Funny, I feel the same way about Triton. Performant Triton looks like CUDA (but with tiles!) except it's ten times harder to debug since it doesn't have the tooling NVIDIA provides.
If I had to run on AMD I'd rather deal with their hipify tooling.
Performant Triton programs are usually simpler and shorter than their CUDA equivalents. This alone makes it easier to write, and I would argue that it helps with debugging too because the model provides a lot more guarantees on how your code executes. That said, some of the tooling is notably poor (such as cuda-gdb support).

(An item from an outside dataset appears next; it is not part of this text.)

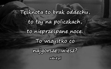 Tęsknota to brak oddechu, to łzy na policzkach, to nieprzespane noce. To wszystko co najgorsze, wiesz?

Agree on shorter, disagree on simpler. The hard part of understanding GPU code is knowing the reasons why algorithms are the way they are. For example, why we do a split-k decomposition when doing a matrix multiplication, or why are we loading this particular data into shared memory at this particular time, with some overlapping subset into registers.
Getting rid of the for loop over an array index doesn't make it easier to understand the hard parts. Losing the developer perf and debug tooling is absolutely not worth the tradeoff.
For me I'd rather deal with Jax or Numba, and if that still wasn't enough, I would jump straight to CUDA.
It's possible I'm an old fogey with bias, though. It's true that I've spent a lot more time with CUDA than with the new DSLs on the block.
I don’t think it is possible to write high performance code without understanding how the hardware works. I just think staring at code that coalesces your loads or swizzles your layouts for the hundredth time is a waste of screen space, though. Just let the compiler do it and when it gets it wrong then you can bust out the explicit code you were going to write in CUDA, anyway.
If I had to run on AMD I'd rather deal with their hipify tooling.